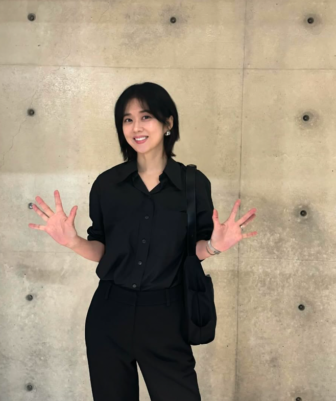 장나라는 블랙 슬랙스와 셔츠, 숄더백을 매치한 단정하고 깔끔한 올블랙룩을 선보였다. 세련된 무드와 함께 일상에서도 활용하기 좋은 스타일링으로, 그녀의 우아한 이미지를 더욱 돋보이게 했다.
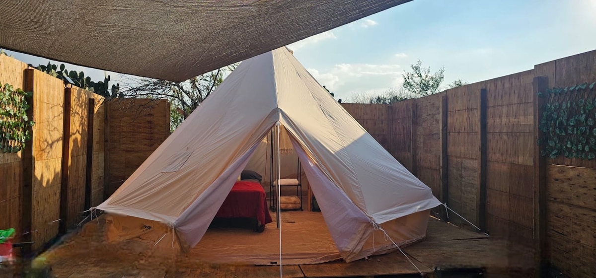 Descansa en Glamping Colón - Bernal, un espacio rodeado de naturaleza y tranquilidad, ideal para quedarte durante tu recorrido por la Ruta del Queso y el Vino, ya que se encuentra a solo minutos de viñedos, queserías y pueblos mágicos como Bernal y Tequisquiapan. Despierta con el canto de las aves y disfruta una caminata a campo abierto con tu mascota. Por la noche, contempla el cielo estrellado junto a la fogata. Este alojamiento combina la comodidad moderna con el encanto del campo.
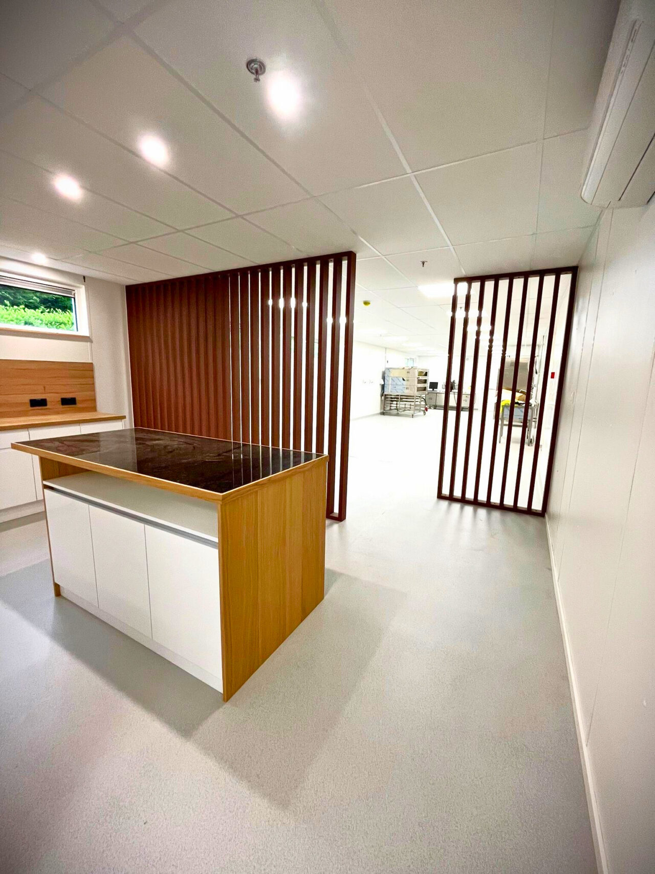 À l’intérieur, les aménagements ont été pensés pour allier fonctionnalité et qualité perçue. Les cloisons vitrées avec châssis bois apportent élégance et transparence, favorisant la diffusion de la lumière naturelle, tandis que les portes en panneaux HPL assurent robustesse et facilité d’entretien au quotidien.
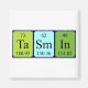 Tasmin spelled out as Ta Sm In (Tantalum Samarium Indium) on a magnet for the scientist in you.
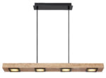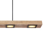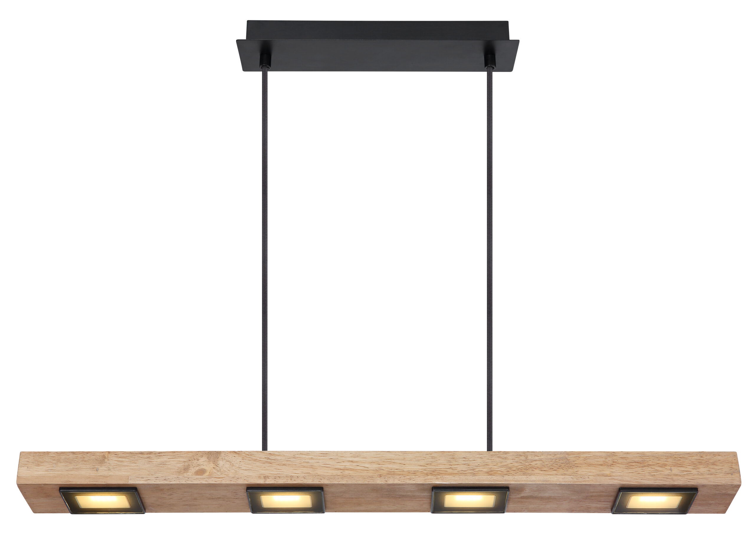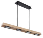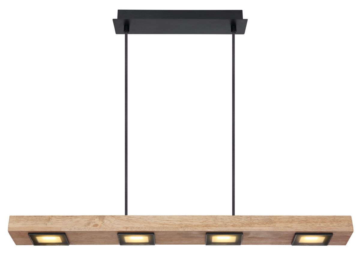 Ova viseća lampa iz serije Joya uvjerava svojim prekrasnim dizajnom od crno-mat metala i drveta. Zbog svog izduženog oblika, plafonska lampa se može divno montirati preko trpezarijskog stola, koji tada dobija ujednačeno osvetljenje. Četiri reflektora opremljena su satiniranim staklom i umetnuta u elegantnu drvenu ploču (80×8 cm), s kojom vise 1,2 m od plafona zahvaljujući dvije šipke. Osim toga, visilica ima funkciju pozadinskog osvjetljenja, koju realizuju dva reflektora umetnuta iznad drvene ploče, koja također osvjetljavaju prostor iznad viseće lampe. Zahvaljujući uključenim LED lampama, viseća lampa Joya 2520 Lumen pruža jako svjetlo sa prijatnom bojom svjetlosti od 3000 Kelvina (toplo bijelo). S više artikala iz serije Joya možete upotpuniti cjelokupnu sliku vašeg interijera.
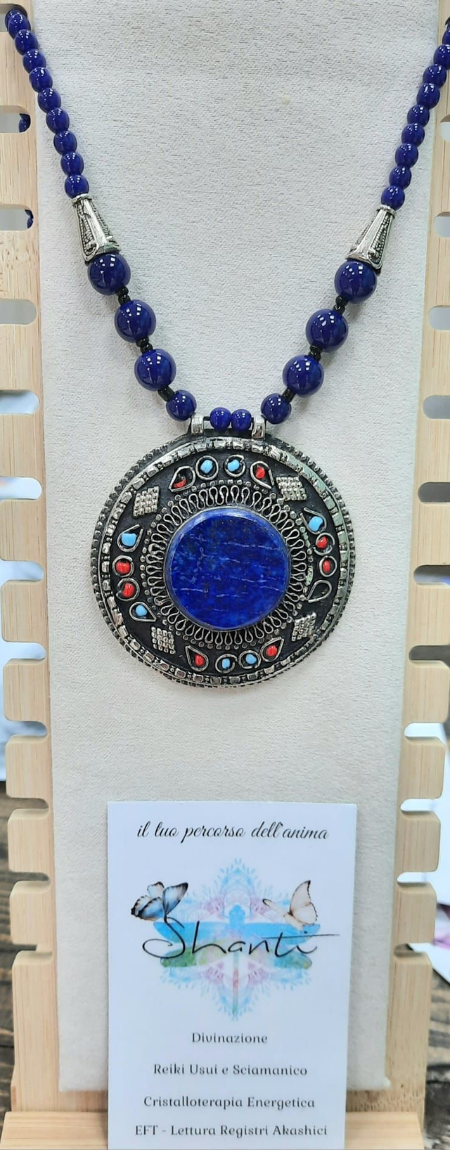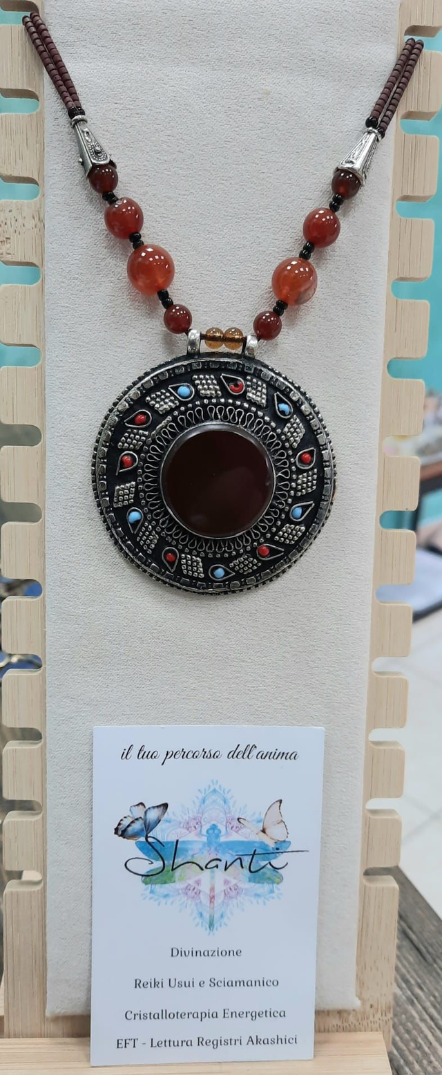 Collana di manifattura artigianale indiana, con cristalli naturali di corniola (adatta al riequilibrio dei rapporti familiari), lapislazzuli (per il riequilibrio della comunicazione, corallo rosso (per il radicamento). Medaglione in acciaio anticato con punzonatura etnica, diametro circa 5 cm.
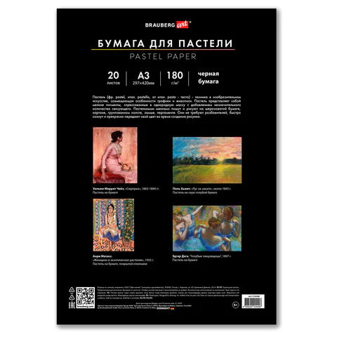 Бумага для пастели BRAUBERG предназначена для различных техник рисования. Позволяет создавать мягкие и детализированные текстуры на картинах, а при более плотной зарисовке пастель выглядит ярко и сочно.
=-=-=
Please copy the data above exactly; the pictures do not belong in the copy.

 장나라는 블랙 슬랙스와 셔츠, 숄더백을 매치한 단정하고 깔끔한 올블랙룩을 선보였다. 세련된 무드와 함께 일상에서도 활용하기 좋은 스타일링으로, 그녀의 우아한 이미지를 더욱 돋보이게 했다.
 Descansa en Glamping Colón - Bernal, un espacio rodeado de naturaleza y tranquilidad, ideal para quedarte durante tu recorrido por la Ruta del Queso y el Vino, ya que se encuentra a solo minutos de viñedos, queserías y pueblos mágicos como Bernal y Tequisquiapan. Despierta con el canto de las aves y disfruta una caminata a campo abierto con tu mascota. Por la noche, contempla el cielo estrellado junto a la fogata. Este alojamiento combina la comodidad moderna con el encanto del campo.
 À l’intérieur, les aménagements ont été pensés pour allier fonctionnalité et qualité perçue. Les cloisons vitrées avec châssis bois apportent élégance et transparence, favorisant la diffusion de la lumière naturelle, tandis que les portes en panneaux HPL assurent robustesse et facilité d’entretien au quotidien.
 Tasmin spelled out as Ta Sm In (Tantalum Samarium Indium) on a magnet for the scientist in you.
 Ova viseća lampa iz serije Joya uvjerava svojim prekrasnim dizajnom od crno-mat metala i drveta. Zbog svog izduženog oblika, plafonska lampa se može divno montirati preko trpezarijskog stola, koji tada dobija ujednačeno osvetljenje. Četiri reflektora opremljena su satiniranim staklom i umetnuta u elegantnu drvenu ploču (80×8 cm), s kojom vise 1,2 m od plafona zahvaljujući dvije šipke. Osim toga, visilica ima funkciju pozadinskog osvjetljenja, koju realizuju dva reflektora umetnuta iznad drvene ploče, koja također osvjetljavaju prostor iznad viseće lampe. Zahvaljujući uključenim LED lampama, viseća lampa Joya 2520 Lumen pruža jako svjetlo sa prijatnom bojom svjetlosti od 3000 Kelvina (toplo bijelo). S više artikala iz serije Joya možete upotpuniti cjelokupnu sliku vašeg interijera.
 Collana di manifattura artigianale indiana, con cristalli naturali di corniola (adatta al riequilibrio dei rapporti familiari), lapislazzuli (per il riequilibrio della comunicazione, corallo rosso (per il radicamento). Medaglione in acciaio anticato con punzonatura etnica, diametro circa 5 cm.
 Бумага для пастели BRAUBERG предназначена для различных техник рисования. Позволяет создавать мягкие и детализированные текстуры на картинах, а при более плотной зарисовке пастель выглядит ярко и сочно.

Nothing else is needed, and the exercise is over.